Studio album by K3
- Released: 10 November 2016
- Recorded: 2016
- Genre: Pop
- Length: 46:40
- Label: Studio 100
- Producer: Studio 100

K3 chronology
| 10.000 luchtballonnen (2015) | Ushuaia (2016) | Love Cruise (2017) |

Singles from Ushuaia
- "De Wereld van K3(The World of K3)" Released: 25 March 2016; "Ushuaia" Released: 3 June 2016; "Iedereen K3(Everyone K3)" Released: 12 August 2016; "Love Boat Baby" Released: 21 October 2016;

= Ushuaia (album) =

Ushuaia is the fifteenth studio album by the Belgian-Dutch girl group K3. It is the second album with the new formation of K3, which was formed in the 2015 television show K3 zoekt K3 (K3 searches for K3). The album was scheduled for release on 10 November 2016 by Studio 100. The album features thirteen new songs and twelve existing K3-songs re-recorded by the new members.

Three singles were released to promote the album. The lead single, "Ushuaia", was released on 3 June 2016. "Iedereen K3 (Everyone K3)" was released on 12 August 2016.

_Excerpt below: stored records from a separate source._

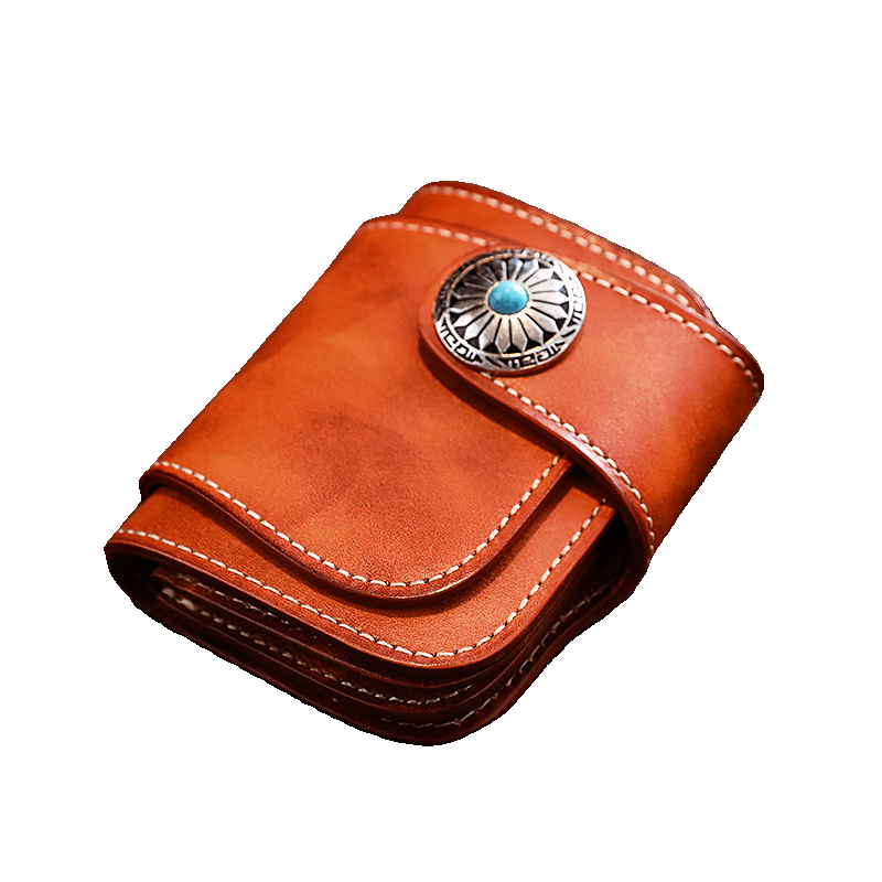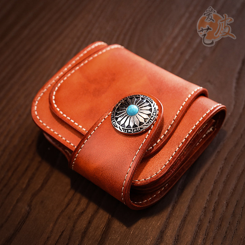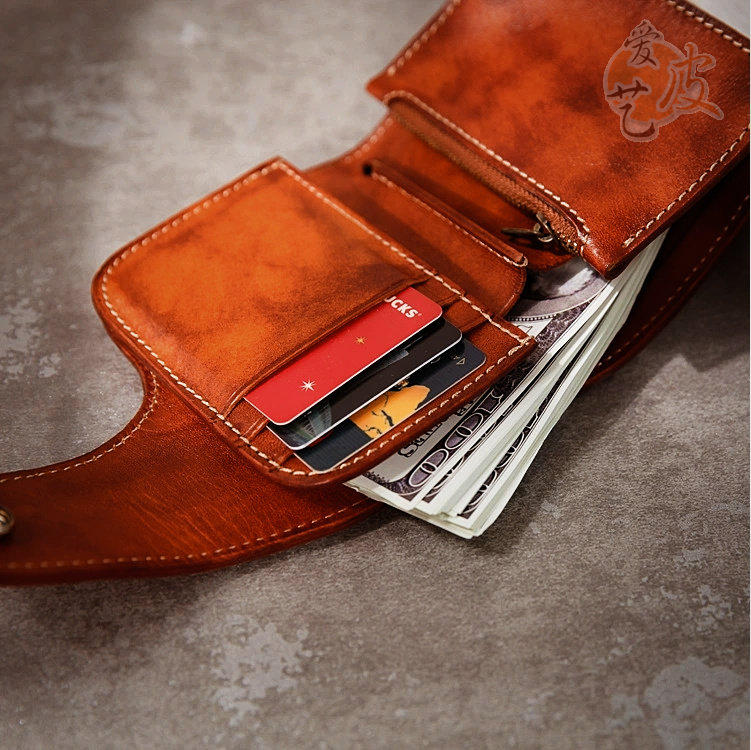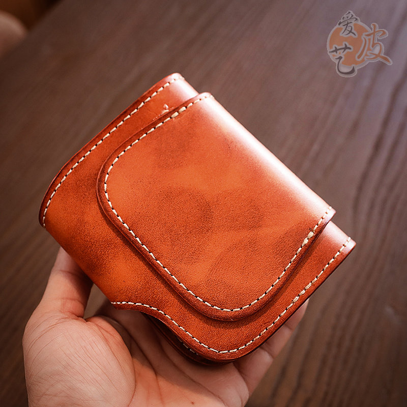 淘宝爱皮艺养牛钱包手工牛皮竖款搭扣复古风短款真皮财布卡位植鞣短夹
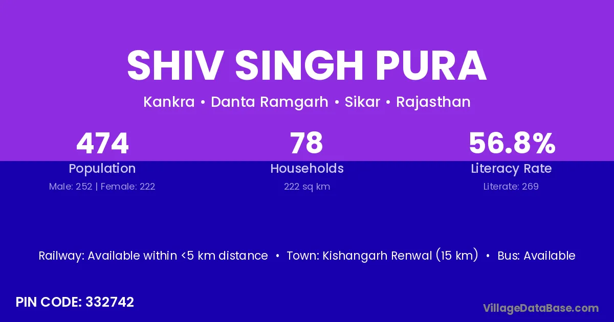 Shiv Singh Pura village has a total population of 474 people, of which 252 are males and 222 are females.
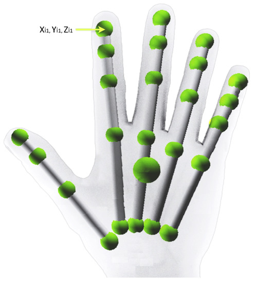 Skeletal hand model (skin contour is reproduced for reference) in which each joint is represented by a green sphere.
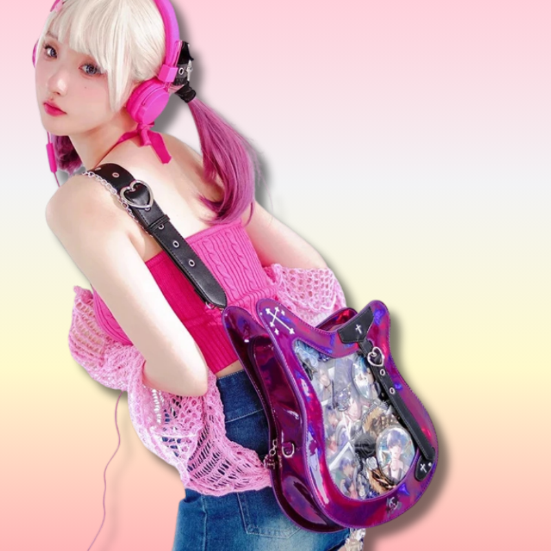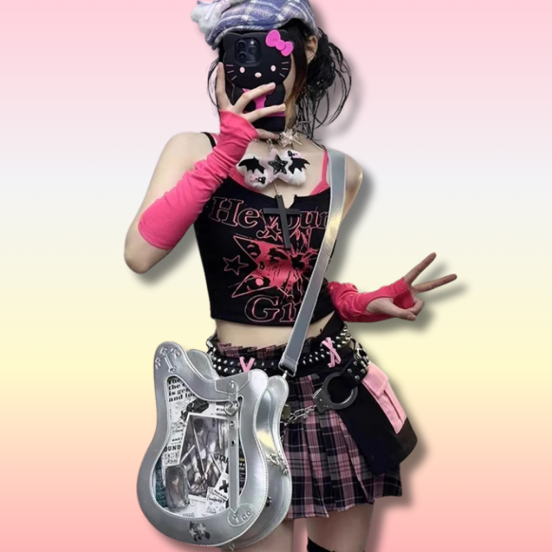 Affirmez votre look avec ce sac bandoulière ita Y2K, conçu pour attirer tous les regards grâce à sa silhouette originale inspirée d’une guitare basse. Son intérieur spacieux et sa bandoulière pratique gardent vos essentiels en sécurité tout en vous offrant un confort mains libres au quotidien. Parfait pour les amoureux de musique et les passionnés de mode, ce sac allie créativité ludique et vibes Y2K audacieuses pour un accessoire incontournable que vous adorerez porter.
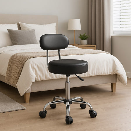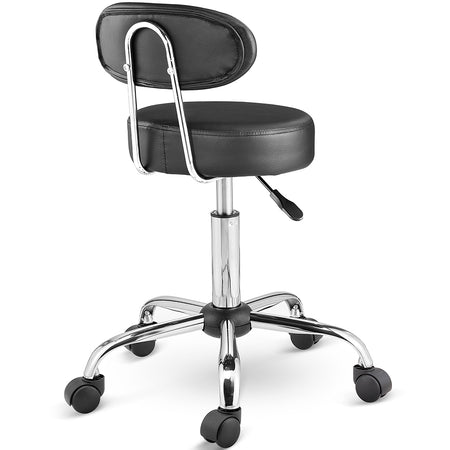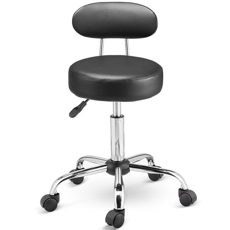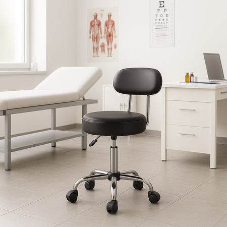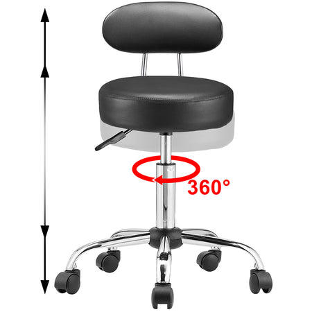 Sgabello Lavoro 5Ruote Girevole in Acciaio Schienale Alto Altezza Regolabile Nero
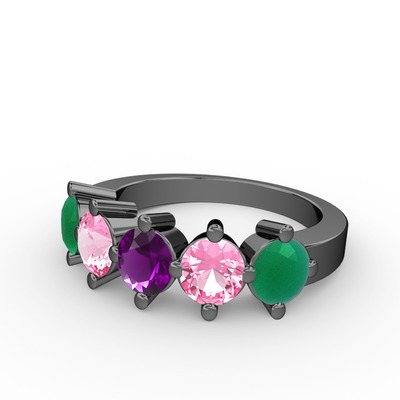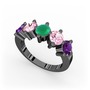 Ametist, pembe kuvars ve kök zümrüt 925 ayar siyah rodyum kaplama gümüş yüzük
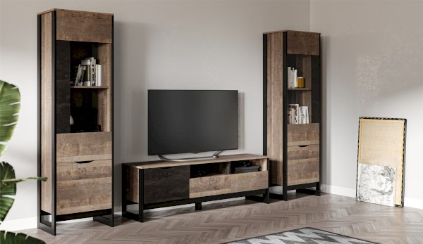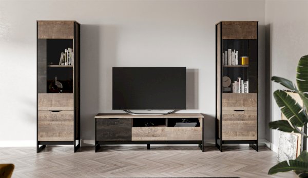 Шкаф-витрина со стеклянным фасадом – современное решение для гостиной или прихожей в стилях лофт, сканди, эко-минимализм. За стеклом размещены полки для предметов интерьера или красивой посуды. Нижнее отделение с глухим фасадом служит для хранения личных вещей. Отсутствие лицевой фурнитуры подчеркивает минимализм и геометрию модуля. Особенность дизайна – это сочетание реалистичных по цвету и тактильности трендовых декоров, которые соответствуют последним городским тенденциям. «Дуб Гранж» привлекает имитацией вручную обработанного дерева и выразительной зернистой текстурой, характерной формой досок. Стильный серый цвет «Железного камня» с металлическими разводами и новая текстура состаренной штукатурки в сочетании с гладкостью металла вносят индустриальныи? колорит. Оригинальные ножки-опоры из МДФ контрастного цвета придают изюминку, а светодиодная подсветка усилит впечатление от созданного интерьера.
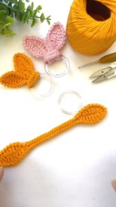 Next, crochet two separate ear pieces. Start with a chain, work single crochets across, and shape the ears by decreasing slightly at the top. Make sure both ears are symmetrical in size and shape.

The cover of the album attracted much attention, due to the face of Marthe De Pillecyn. In the first pictures that came out, the image was heavily photoshopped.

==Track listing==

Ushuaia – Standard edition disc 1
| No. | Title | Length |
|---|---|---|
| 1. | "Ushuaia" | 3:40 |
| 2. | "Love Boat Baby" | 3:01 |
| 3. | "De Aarde Beeft" (The Earth is Shaking) | 3:17 |
| 4. | "Aliyee" | 3:20 |
| 5. | "Iedereen K3" (Everyone K3) | 3:20 |
| 6. | "On Va Danser" | 3:16 |
| 7. | "Play-o" | 2:54 |
| 8. | "Boembiboem" | 3:09 |
| 9. | "Choco Choco" | 3:18 |
| 10. | "Popgroep" (Pop group) | 3:44 |
| 11. | "Helden en Soldaten" (Heroes and Soldiers) | 3:23 |
| 12. | "Prinsesje en Superman" (Princess and Superman) | 3:19 |
| Total length: |  | 39:30 |

Ushuaia – Standard edition disc 2
| No. | Title | Length |
|---|---|---|
| 1. | "Liefdeskapitein" (Captain of Love) | 3:35 |
| 2. | "Hallo K3" (Hello K3) | 2:46 |
| 3. | "I Love You Baby" | 3:41 |
| 4. | "Waar Zijn Die Engeltjes?" (Where Are The Angels?) | 3:30 |
| 5. | "Je Hebt Een Vriend" (You Have A Friend) | 3:14 |
| 6. | "Loko Le" | 3:29 |
| 7. | "De 3 Biggetjes" (The Three Piglets) | 3:23 |
| 8. | "Drums Gaan Boem" (Drums Go Boom!) | 3:00 |
| 9. | "Bij De Politie" (With The Police) | 3:21 |
| 10. | "Hippie Shake" | 2:32 |
| 11. | "Lollypopland" (Country of Lollypops) | 3:48 |
| 12. | "De Wereld van K3" (The World of K3) | 3:07 |
| Total length: |  | 39:20 |

==Charts==

===Weekly charts===

| Chart (2016) | Peak position |
|---|---|
| Belgian Albums (Ultratop Flanders) | 1 |
| Dutch Albums (Album Top 100) | 3 |

===Year-end charts===

| Chart (2016) | Position |
|---|---|
| Belgian Albums (Ultratop Flanders) | 5 |
| Dutch Albums (MegaCharts) | 32 |
| Chart (2017) | Position |
| Belgian Albums (Ultratop Flanders) | 15 |
| Dutch Albums (MegaCharts) | 44 |
| Chart (2019) | Position |
| Belgian Albums (Ultratop Flanders) | 176 |

==Certifications==

| Region | Certification | Certified units/sales |
| Belgium (BRMA) | 4× Platinum | 80,000^{*} |
^{*} Sales figures based on certification alone.